Hi i am trying to implement a RNN to learn number pattern.Here is the code. When i run it i encounter the following error.Help!!!
for i in range(1000):
inp=torch.randn(1,1)
y=torch.randn(1,1)
ht=torch.tanh(whh.mm(ht_1)+wxt.mm(inp.float()))
y_pred=why.mm(ht)
loss=(y_pred-y.float()).pow(2).sum()
loss.backward(retain_graph=True)
with torch.no_grad():
whh-=lr*whh.grad
wxt-=lr*wxt.grad
why-=lr*why.grad
whh.grad.zero_()
wxt.grad.zero_()
why.grad.zero_()
ht_1=ht
print(loss)
This error might be raised, since you are keeping the graph via retain_graph = True
, which would then in the second iteration try to backpropagate through all parameters twice.
Is this your use case or why are you using retain_graph = True
?
If i remove retain_graph=True
it throws an error
RuntimeError: Trying to backward through the graph a second time, but the buffers have already been freed.
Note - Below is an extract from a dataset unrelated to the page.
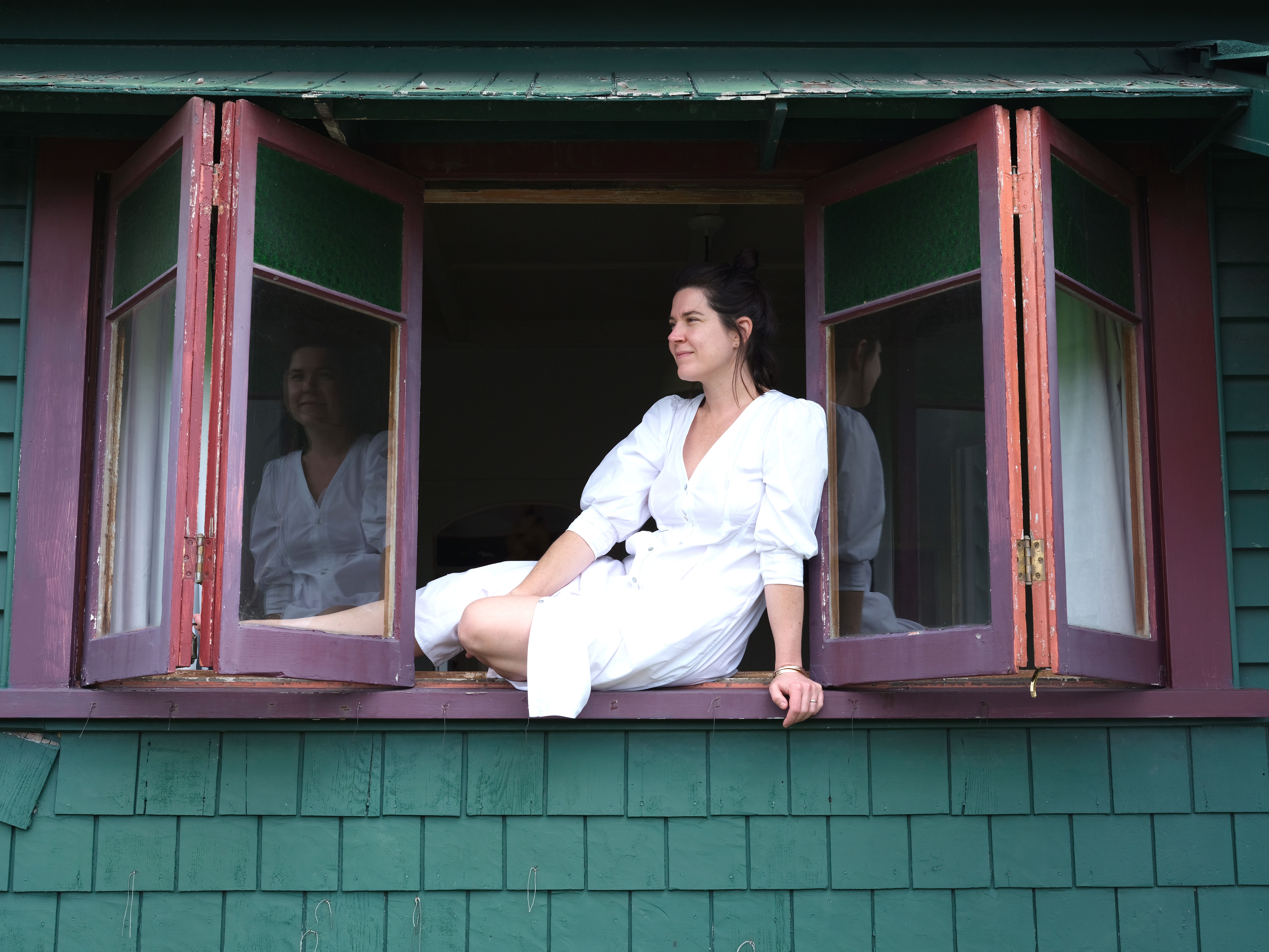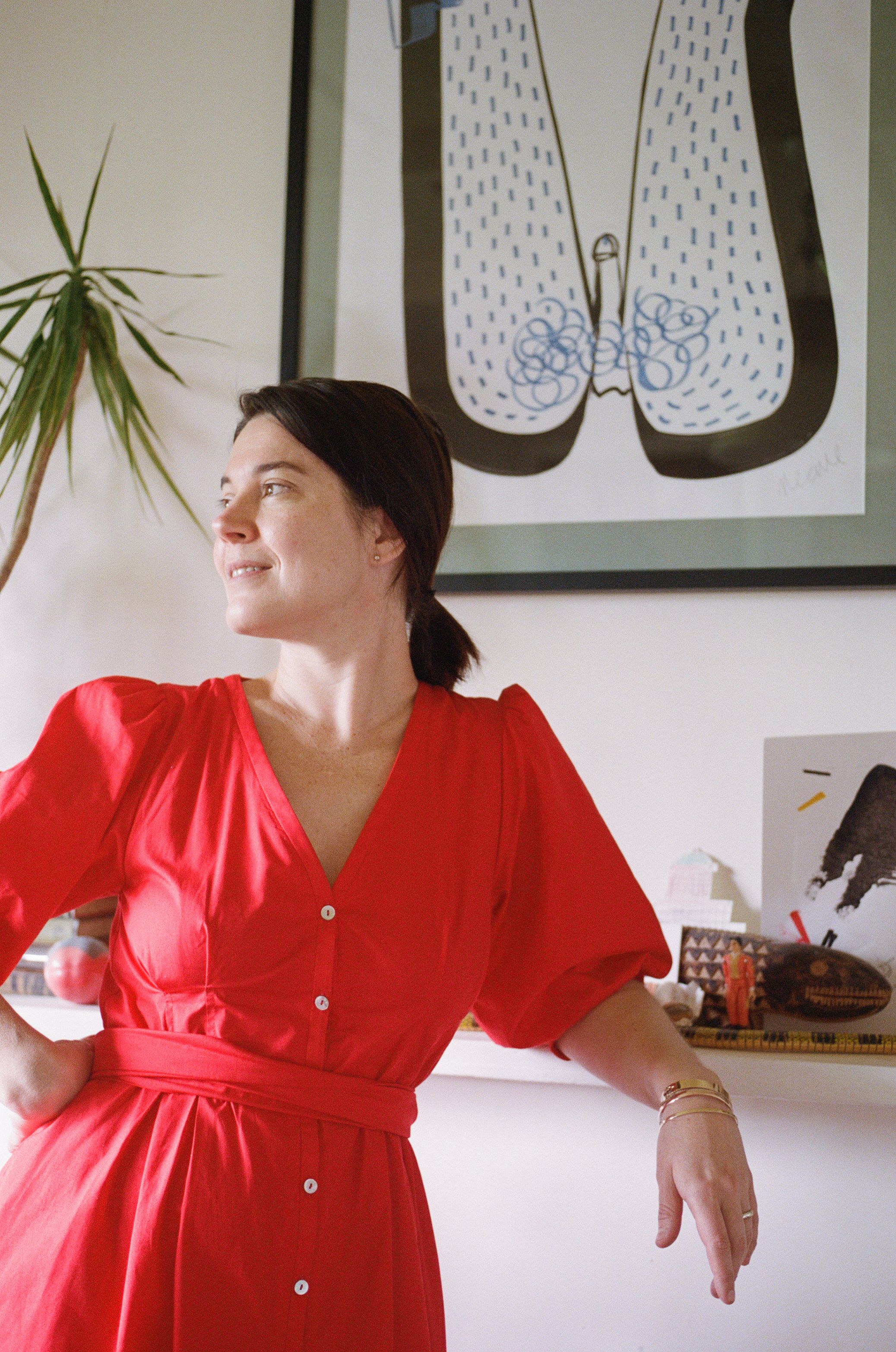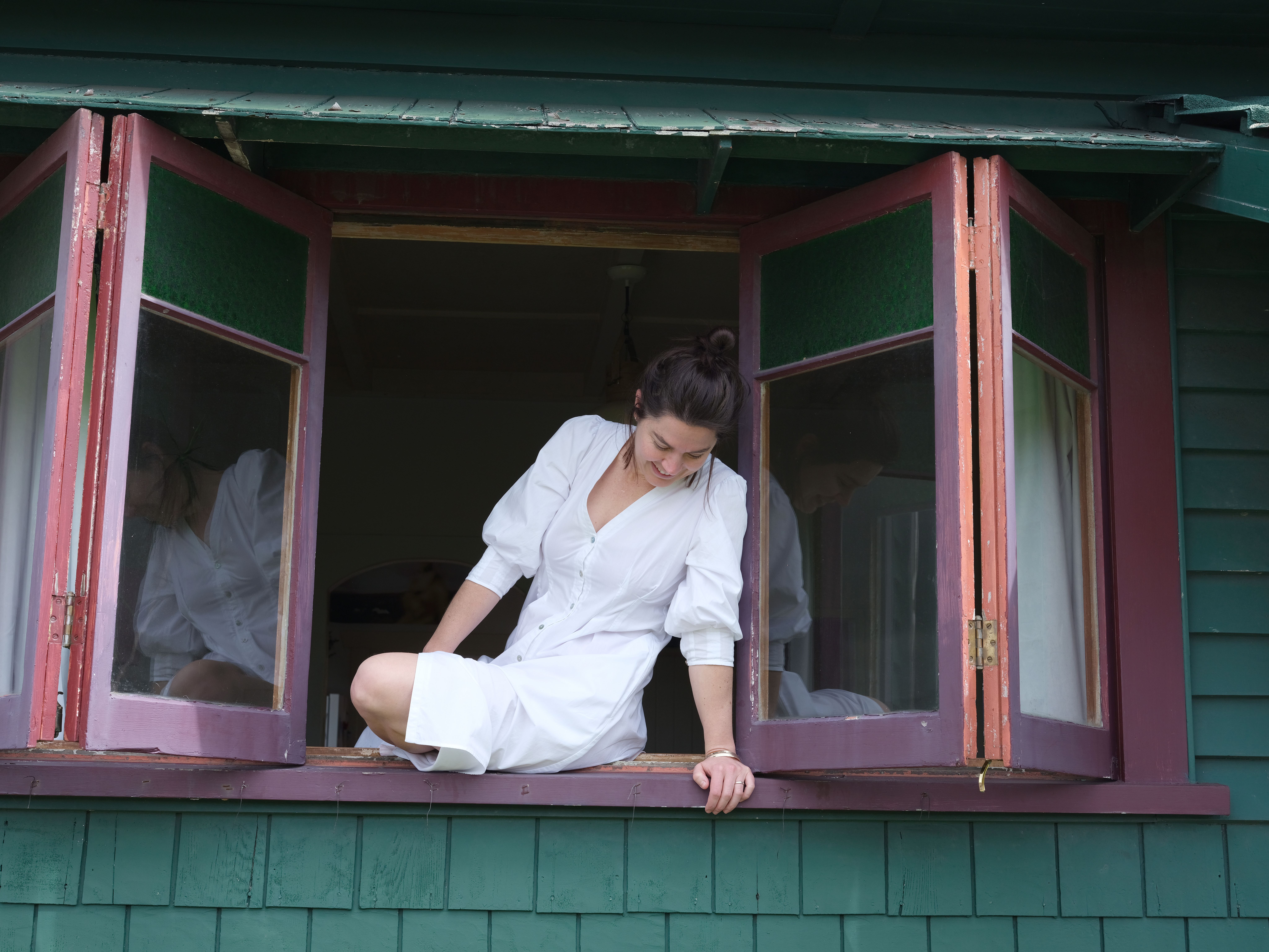 The Lular dress is a fitted relaxed shirt dress featuring tucks at waist and a belt tie. The sleeve features sewn down pleats at the elbow that billow out slightly to create a voluminous sleeve. Shell button closure down front. Side pockets and the hem finishes mid-calf.

Specify retain_graph=True when calling backward the first time.
I’m not sure, what your exact use case is, but the last RuntimeError
could be raised, if whh
and ht_1
both require gradients, as they are reused in the second iteration.
You could detach
ht_1
, if it fits your use case:
ht=torch.tanh(whh.mm(ht_1.detach())+wxt.mm(inp.float()))
HI,
thanks for the reply, i tried to run this but now the gradient are none type objects as shown by this error
17 with torch.no_grad():
---> 18 whh-=lr*whh.grad
19 wxt-=lr*wxt.grad
20 why-=lr*why.grad
TypeError: unsupported operand type(s) for *: 'float' and 'NoneType'
here is the way i initialise whh,wxt,why
whh=torch.randn(10,10,requires_grad=True)
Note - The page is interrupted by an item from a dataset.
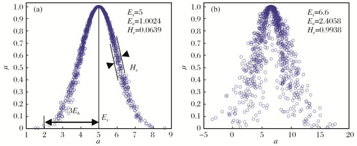 (1)云模型。云模型的概念是李德毅院士等[16 ] 于1995年提出的,是处理定性概念与定量描述的不确定转换模型。该模型已被运用于多个领域[17 ] 。云模型用期望值(E x )、熵(E n )和超熵(H e )这3个数值来表示数字的特征,考虑到了数字的模糊性和不确定性。期望值(E x )表示样本的中心值,熵(E n )是对样本不确定性的度量,超熵(H e )是对熵的不确定性的再描述[18 ] 。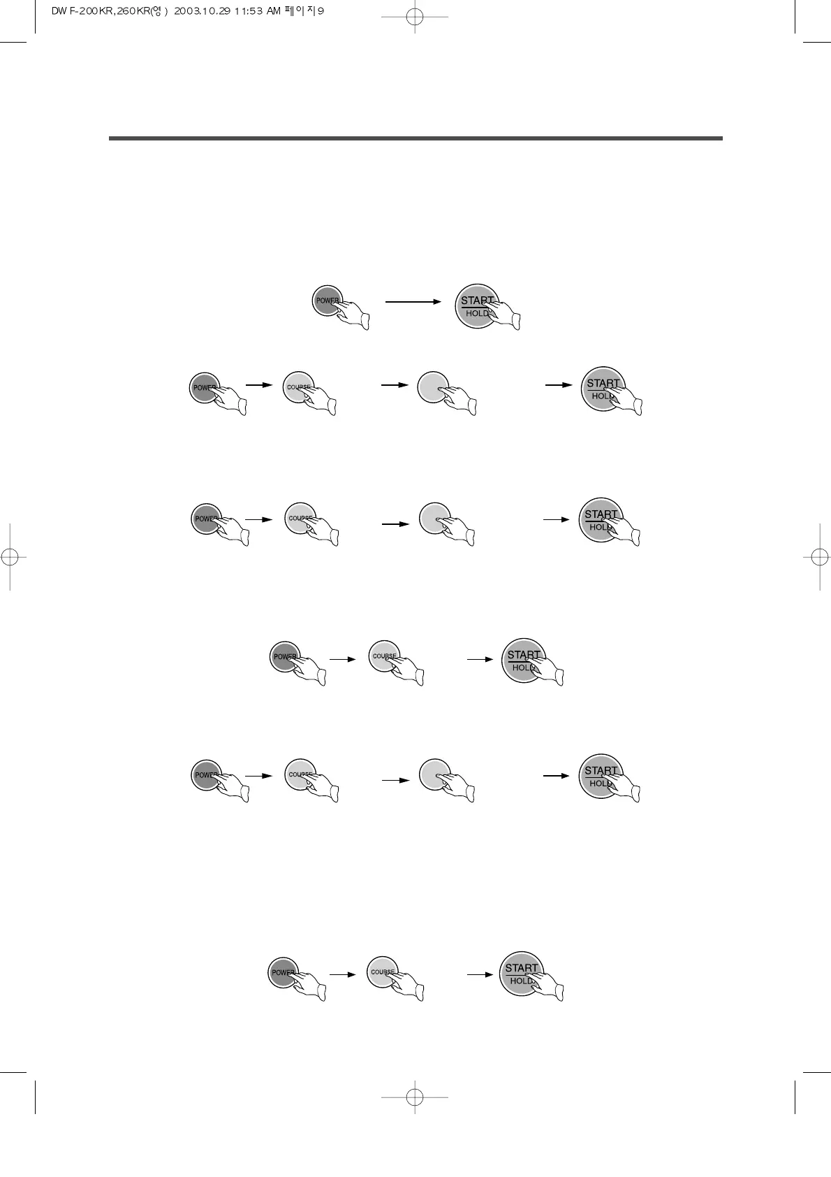 • This selection is effective for washing light or less dirty wash. Procedure to press the button;

wxt=torch.randn(10,1,requires_grad=True)
why=torch.randn(1,10,requires_grad=True)
How are you initializing ht_1
?
Since you are not updating it, I assume it’s a standard tensor?
This code snippet seems to work:
whh = torch.randn(10,10,requires_grad=True)
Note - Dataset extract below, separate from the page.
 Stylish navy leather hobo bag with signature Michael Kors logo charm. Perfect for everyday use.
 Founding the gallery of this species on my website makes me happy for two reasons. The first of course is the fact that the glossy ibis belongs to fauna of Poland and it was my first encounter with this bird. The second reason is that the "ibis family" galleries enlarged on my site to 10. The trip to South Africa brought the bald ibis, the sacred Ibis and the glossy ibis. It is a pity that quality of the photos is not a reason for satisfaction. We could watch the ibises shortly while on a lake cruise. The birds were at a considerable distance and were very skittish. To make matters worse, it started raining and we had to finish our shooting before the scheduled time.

wxt = torch.randn(10,1,requires_grad=True)
why = torch.randn(1,10,requires_grad=True)
ht_1 = torch.randn(10,1)
lr = 1e-3
for i in range(10):
inp=torch.randn(1,1)
y=torch.randn(1,1)
ht=torch.tanh(whh.mm(ht_1)+wxt.mm(inp.float()))
y_pred=why.mm(ht)
loss=(y_pred-y.float()).pow(2).sum()
loss.backward()
with torch.no_grad():
whh-=lr*whh.grad
wxt-=lr*wxt.grad
why-=lr*why.grad
whh.grad.zero_()
wxt.grad.zero_()
why.grad.zero_()
ht_1=ht.detach()
print(loss)
Thsnk you very much.It worked. Should read the docs to understand why this error occurs or is there any other resource
HI,there is weird issue.Everything was fine till now,but as soon as i restarted the kernel in jupyter, the grad wrt variables is again nonetype.I think there is still some issue as this error was resolved once i pasted and ran your code in a seperate cell.Then i ran my loop which i have provided above,everything is fine.And btw i initialise ht_1 just like you did.
Oh, nvm
I made a typing error. Instead of doing
y_pred=why.mm(ht)
i by mistake typed this and it never came to my attention
y_pred=why.mm(ht_1)
altough i am stil not sure why this gave me nonetype grad